The rare public look provided last week by market researchers at Gartner into vendor-by-vendor CRM revenues is raising some critical attention.
In a blog post Monday, Constellation Research Principal Analyst and CEO R "Ray" Wang argues the figures, especially Microsoft's $1 billion in 2012 CRM revenues, "do not meet the general sniff test."
For the record, Wang notes that he thinks the revenue figures for Oracle and SAP are inflated, too, although he agrees with the headline of Gartner's research -- that Salesforce.com claimed the top CRM spot from SAP in the last year.
With experience both as an analyst and as head of CRM analyst relations for PeopleSoft back in the mid-2000s, Wang acknowledges that it "is hard work" divining revenues from software vendors, who would just as soon hide their sales or lead analysts to more positive conclusions than reality warrants.
Nonetheless, Wang zeroes in on Microsoft's past public statements about overall Dynamics revenues, including both ERP and CRM. From that basis, he argues for Constellation Research's estimate that overall Microsoft Dynamics revenues totaled between $1.5 billion and $1.6 billion in 2012. CRM would have had to grow exponentially and ERP would have had to crater, Wang contends, for Microsoft Dynamics CRM to hit $1 billion on its own.

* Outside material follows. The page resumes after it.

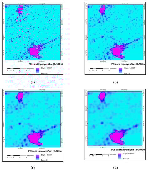In this study, through kernel density estimation with P&T data set in the study area, the aggregation degree of the POI and toponym data and the spatial distribution of the data density are calculated. The initial bandwidth R is set to 3000 m, and the output pixel size is one-tenth of the bandwidth (300 m). Then, the bandwidth and the output pixel size are continuously reduced to 300 m and 30 m, respectively. The kernel density estimation results are shown in Figure 4. By comparing the results of kernel density estimation, it is found that the region with the highest luminance value has an obvious boundary when the bandwidth R ranges from 800–1000 m, which is a suitable range for easily extracting the central boundaries of county-level urban areas. Therefore, the bandwidth R is set to 1000 m, and the output pixel size is set to 100 m in kernel density analysis to obtain the results. After obtaining the kernel density analysis results, the processed NSL data of NPP-VIIRS are re-sampled to 100 m, and the NPP & PT composite index values are then calculated by referring to the existing research [40] combined with the NSL data of NPP-VIIRS. The calculation equation is as follows: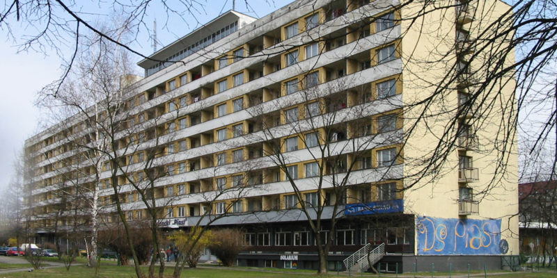 Budynek zrealizowany w ramach inwestycji z okazji 600-lecia Uniwersytetu Jagiellońskiego, pierwotnie jako hotel dla zagranicznych studentów. Składa się z dwóch brył: głównej o funkcji mieszkalnej z zapleczem socjalno-usługowym oraz baru samoobsługowego — stołówki. Rozrzeźbienie elewacji loggiami wydobywa „światłocień”. Bryłę podkreśla układ poziomych pasów podokiennych przechodzących w balustrady, a całość wieńczy dawna świetlica o łukowo wygiętym dachu. Pierwotnie w stonowanej kolorystyce: biało-szaro-niebieskiej. Budynek pawilonowy wyróżniała do 2016 roku przełamana, częściowo perforowana regularnymi kwadratami i częściowo przeszklona, elewacja z „przebijającą” ją abstrakcyjną rzeźbą — stanowiącą kompozycję zarówno ogrodową jak i wewnętrzną, zawieszoną nad fragmentem trawnika przechodzącym z tarasu do wnętrza. Rzeźba decyzją administracji budynku została usunięta, a mozaiki częściowo zniszczone. Nagroda II stopnia Komitetu Budownictwa Urbanistyki i Architektury, w 1964 roku.

For what it's worth, Microsoft has been quiet about the alleged milestone, as well. There are no mentions of $1 billion in CRM revenue in the Dynamics newsroom or in Microsoft's section on analyst coverage or in the official Dynamics blog. That could mean Microsoft is throwing a wet blanket on the numbers or simply that the software giant doesn't want to call attention to a fourth-place finish.